Posted: Sat Feb 18, 2006 2:25 pm Post subject: 


Keith,
Although I too only like to do puzzles with a single solution, I know some people who do puzzles with multiple solutions because they get many puzzles for the price of one and for the challenge of finding ALL the possible solutions for a particular puzzle. Maybe those kinds of puzzles need to have a different name.
Quote:  Bring on the wings and the fishes, but I kind of draw the line at chains 
The proof behind all the wings and fishes is that they are chains, so it you use them you do use chains. It's just that they are fairly easy to spot and generally short enough that the exclusion is apparent, even for a paper and pencil solver. I'm sort of with you on what most people call forcing chains (for example, where assigning either candidate in a certain bivalue cell implies that a different cell must be a 6) because I have not seen an explanation that was logical for why that particular starting cell was chosen.
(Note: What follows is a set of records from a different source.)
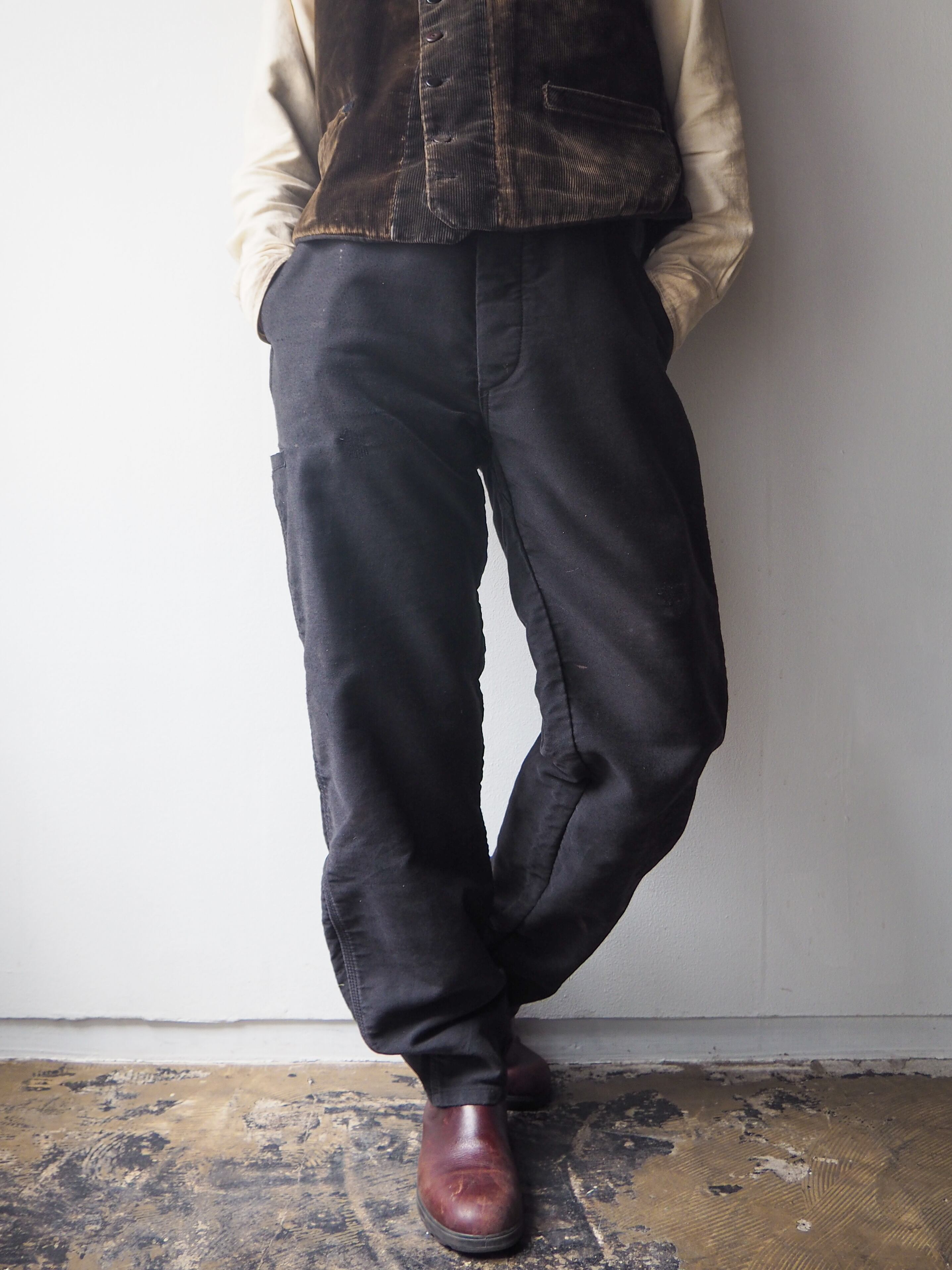 南仏の老舗ワークウェアブランドLE LABOUREUR(ル・ラブルール)より、1960年代頃のブラックモールスキン素材を使用したワークトラウザーのご紹介です。
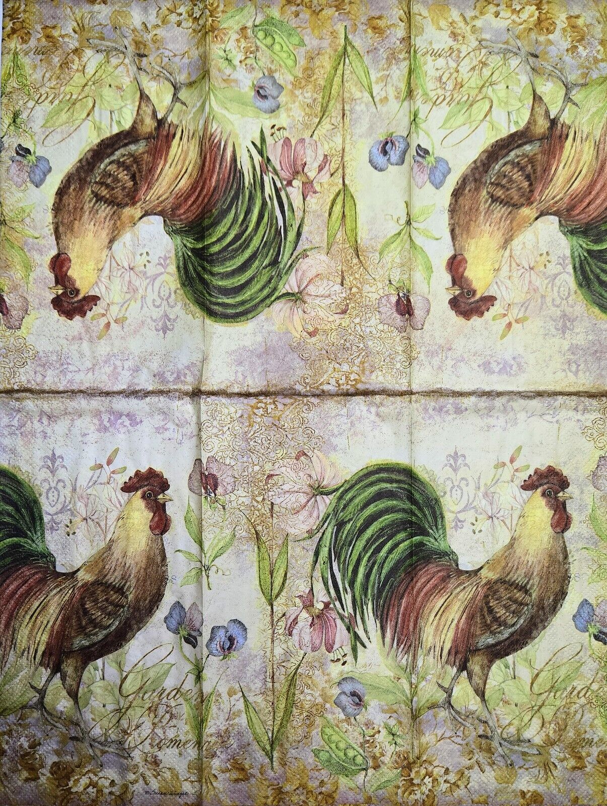 TWO Individual Paper Guest Decoupage Napkins - 2601 Vintage Proud Rooster
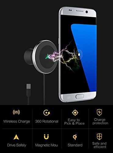 Luxury Magnetic Wireless Car Charger Mount, Qi Standard Mobile Cell Phone Air Vent And Dashboard Magnet Car Holder Cradle And Stand For Iphone 8 X Samsung Galaxy Note 8, S8 Plus and Qi Enabled Devices
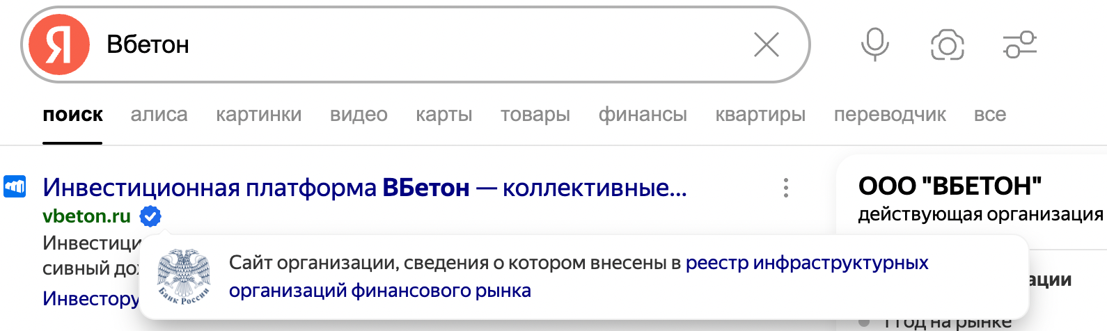 Поисковик «Яндекса» использует информацию из этого реестра и добавляет синюю «галочку» в поисковую выдачу рядом с адресом сайта, о котором в реестре ЦБ есть действующая запись. На такие галочки также можно ориентироваться, когда ищите информацию по теме инвестиций.
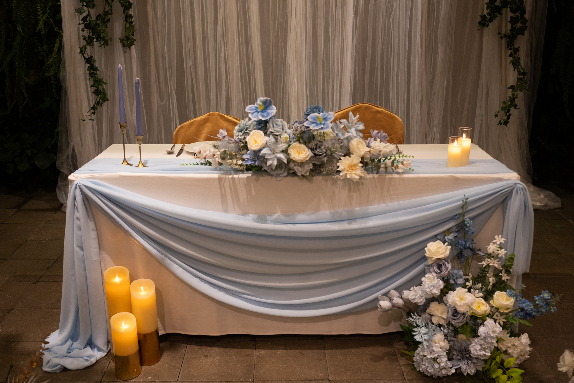 F. 收禮桌(兩長桌)/相本桌(一圓桌)佈置,單一區NT$2,500、雙區NT$4,000
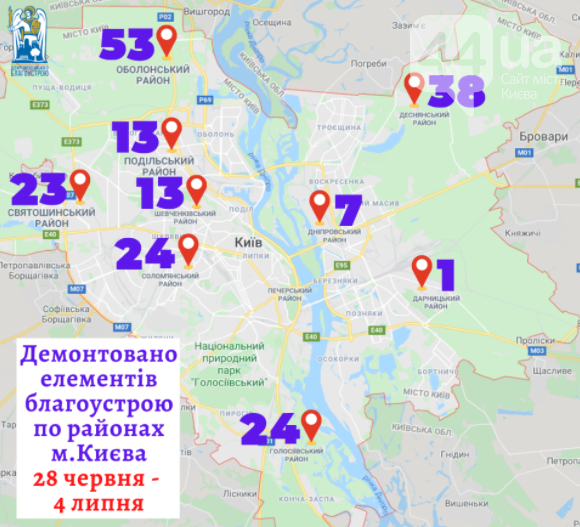 Лидирующие позиции по количеству демонтированных элементов занимают следующие районы Киева:
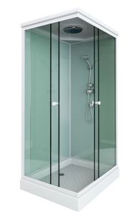 поддон низкий 15см (прямоугольный) фронтальные стекла: матовые фактурные задние стекла : белые матовые белый алюминиевый профиль регулируемые ролики белые ручки для дверей 2-режимный смеситель ручная лейка (на стенке ) слив с сифоном крыша с верхней лейкой
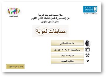 كما دعا معهد اللغويات العربية لحضور فعالية ومضات تعريفية بمعهد اللغويات العربية وذلك بعد غد الثلاثاء الساعة التاسعة صباحا.

I don't discount the logic behind the technique, but there seems to be no logical way for deciding where to start.
However, I do use chains that are conjugate links (up to three different ones can be linked to make exclusions) because the logic behind it and the logic of where to start is apparent. And it can be done in your head, although using helper software makes it much easier. They've enabled me to solve more advanced puzzles that don't fall to the more familiar patterned chains like swordfish, xwing, etc...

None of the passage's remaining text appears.